The Indecisive Talisman, I thought, shaking my head. I was agitated by the thought of years passing by and the damn thing would still be sitting there. Beatrix was right. Things would be a heck of a lot easier if I had its hilt. Even after dreaming about it last night, it still seemed so unattainable. My attitude turned snarky. I shook my head and thought, Who knows where that thing is hidden? You’d think the great “Adamas” could’ve left a note.
Feeling downhearted, my eyes fell on the earthy floor, staring around listlessly. To my left lay my jacket that I’d tossed on the ground. I scooted over, reached inside its right pocket, and pulled out my two remaining stones — the amethyst and the serpentine. Luck was definitely on my side earlier when I’d grabbed the blue chalcedony and not one of the other ones.
I should’ve kept them on me…Not sitting up in the bleachers inside my jacket…Idiot! Good thing I didn’t put them in my purse. I would’ve NEVER found them in there! Instinctively, I decided to place both stones in the front pocket of my jeans for safekeeping. There…Safe and most important, easily accessible.
I bunched up my jacket and threw my makeshift-pillow behind my head as I curled up against the rocks. I found myself struggling to get to sleep and tried my best to find a comfortable position, but I knew that wasn’t what was keeping me awake.
Finally, I took a deep breath in an effort to clear my mind. There in the quiet and dimly lit cave, the reason behind my unrest surfaced — my “one question”— the very one that lingered in the back of my mind, even when all the others had been securely tucked way. This question, I feared, would torment me until I had my answer.

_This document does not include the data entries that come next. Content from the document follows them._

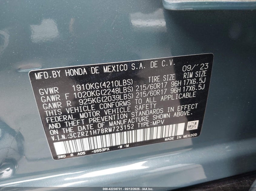 Honda hr-v 2wd ex-l/2wd ex-l w/o bsi 2024
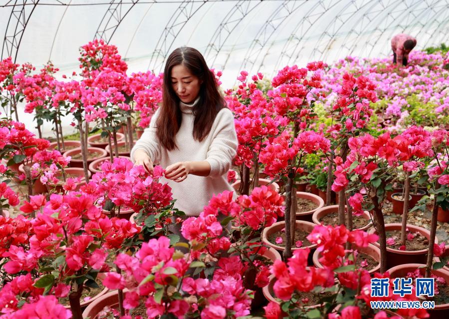 12日、唐山市豊南区黄各荘鎮にある花卉栽培基地の温室でブーゲンビリアの世話をする従業員。(唐山=新華社記者/楊世尭)
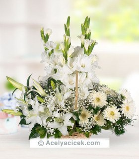 Beyaz Gerberalı Ayak Sepet
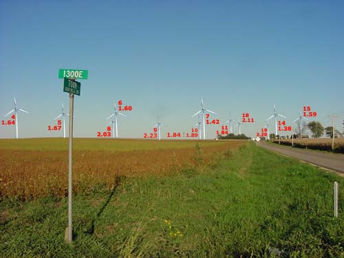 View from Kentville road looking east from 1300 E Road, 1 mile from project. Numbers indicate turbine # and distance in miles. View 800x600 hi-resolution photos here.
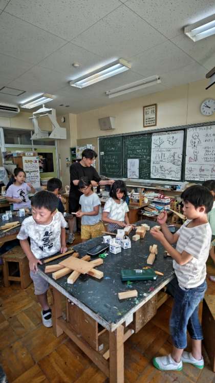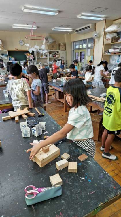 (くぎで木を上手につないで、楽しいものを作りましょう)
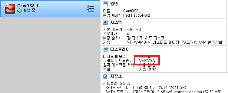 그래픽 컨트롤러가 VMSVGA로 지정되어 있을 거예요.
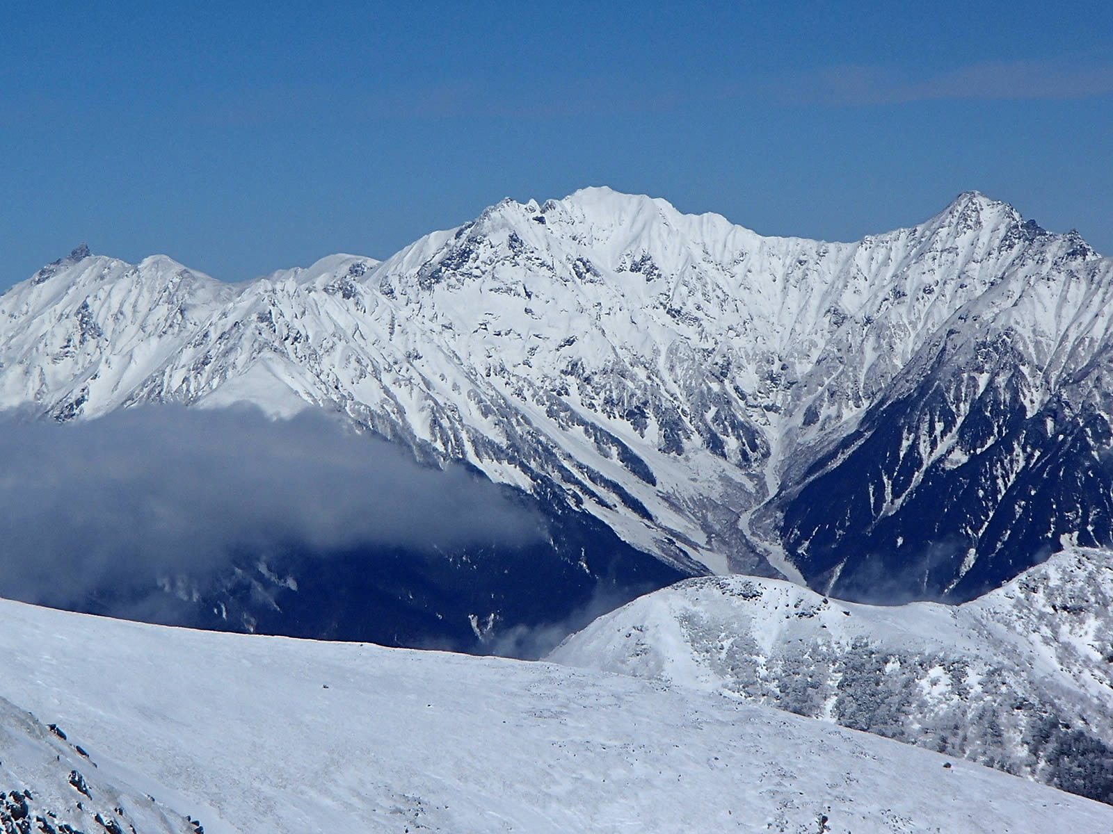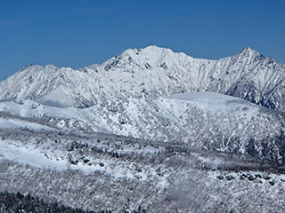 北アルプス槍穂高も見えてきました。斜面の新雪がきらきら光っています。

Why? Why me? Many people have gone to their graves with that “life question” hanging over their heads like a storm cloud, showering them with torturous speculation and grueling doubt. Why, of all the people in the world, was “I” destined for this bittersweet gift?

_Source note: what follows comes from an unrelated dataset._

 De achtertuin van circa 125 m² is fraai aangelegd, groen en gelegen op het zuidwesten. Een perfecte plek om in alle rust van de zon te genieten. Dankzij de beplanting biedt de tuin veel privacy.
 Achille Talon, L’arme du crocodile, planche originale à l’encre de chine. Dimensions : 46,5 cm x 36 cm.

Before long, I had succumbed to the night, not to mention, my physical exhaustion. My slumber was extremely restless. What should I have expected? I was lying on the ground, propped up with my jacket against some hard rocks, while
thoughts of the Onyx drifted in and out of my head all night. Every time my heavy lids fell to a close, I saw his sinister dark eyes staring back at me — and each time, they were set onto the face of someone I cared about.
As I lay there dreaming, I felt something hit my face. It landed in the open gash that the Onyx had graciously given me. It really stung (notably a little too much for just a dream). Then something hit my lips. They felt wet. As I pressed them together, I detected a familiar taste. Salt. I moved my hand up to comfort my stinging cheek when I felt something there. A hand. Its warmth and touch were too life-like to be just a dream. Alarmed, I snapped out of my slumber and jerked myself up to find Tanner sitting on the ground beside me, staring at me with a tender look in his eyes. He had a wet cloth in his hand. Apparently, he’d been nursing my wound while I slept. I smiled back at him, convinced I was starting to grow on my mentor.

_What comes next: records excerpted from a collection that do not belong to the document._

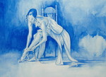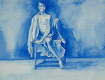 2006Balletdanser in voorbereiding in blauw naar een affiche van een balletvoorstelling
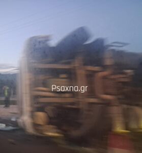 Τροχαίο στην Εθνική οδό Αθηνών - Λαμίας με ανατροπή νταλίκας
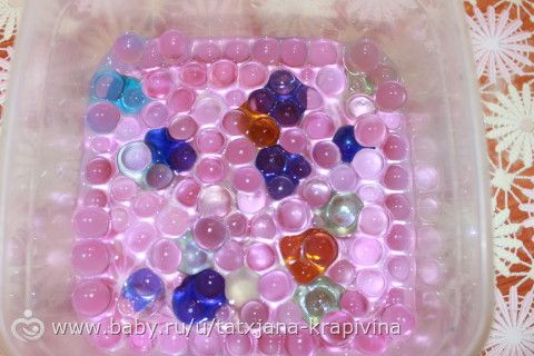 а здесь мы уже занимались с нашим любимым гидрогелем — аквагрунтом. И руками трогали, и ложечкой перекладывали в формочки для льда
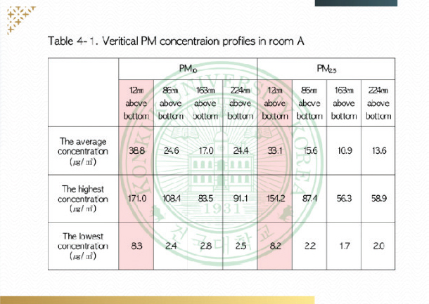 건국대 환경공학과 교수팀이 방바닥으로부터 각각 12cm, 86cm, 163cm, 224cm 높이에서 실내먼지 농도를 측정한 결과, 바닥에서 가장 가까운 12cm 에서 미세먼지가 제일 많은 것으로 나타났습니다.
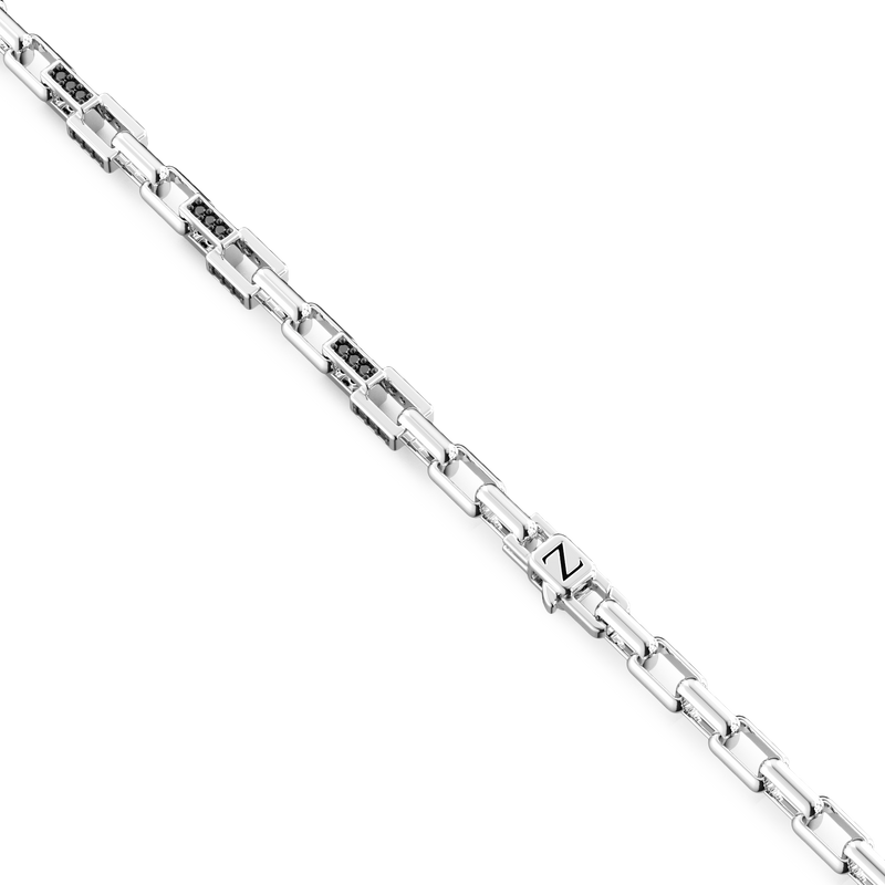 Silver Necklace with Tag Pendant Studded with Black Stones
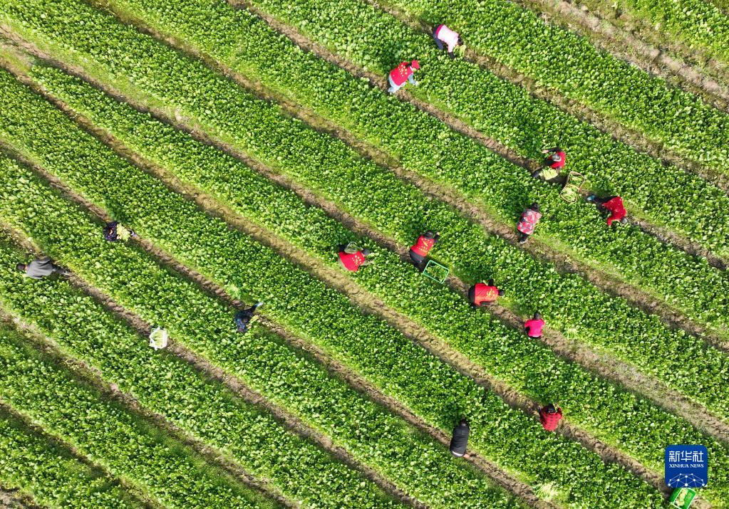 2月20日,湖南省衡陽市衡山縣開云鎮世上村村民在地里采收甜菜心(無人機照片)。
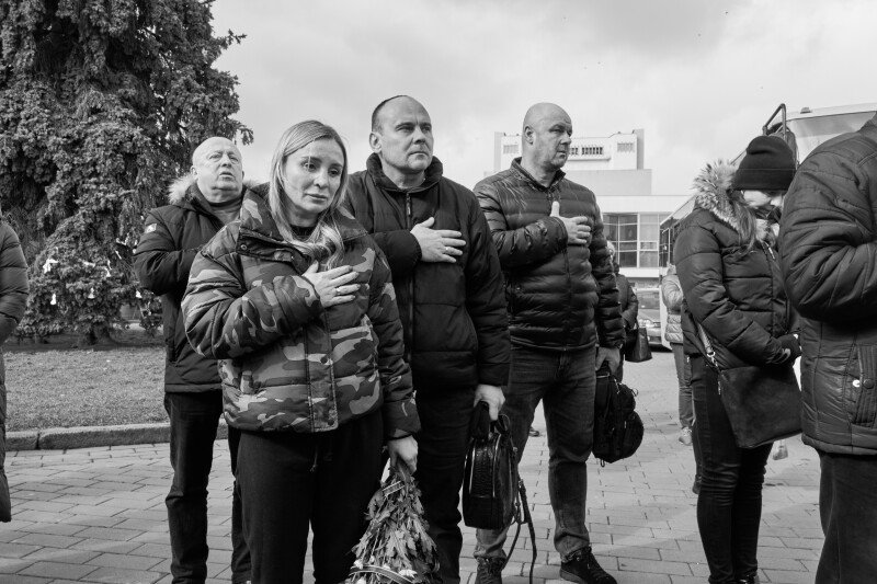 По завершенню богослужіння домовину з тілом Героя під звуки дзвонів і солдатської сурми пронесли Театральним майданом. Біля фотостенду “Герої Небесної Сотні – Загинули за єдність України” скорботна процесія зупинилася і виконала Державний Гімн.

Maybe he’ll start showing more of his compassionate side, instead of his cheeky attitude and constant wisecracks?
Tanner’s comforting gaze shifted into a look I’d come to know far too well.
“So,” he began, “I take it the home team won the game?”
Chapter 22 — Blow Me Away
Tanner was undoubtedly referring to the “incident” at the stadium. I straightened myself up, now wide-awake and well on my way to “ticked”.
“How did you know?” I demanded.
“Funny thing,” Tanner sighed, “I was driving back to the motel when I noticed a freak lightning storm churning in the distance. I say, ‘freak’ because the weather forecast showed no signs of rain — for days.” Tanner tapped his finger on his chin. “By the looks of it, I showed up at the end of the third quarter.”
“You were THERE?” I asked, taken aback by his cavalier remark.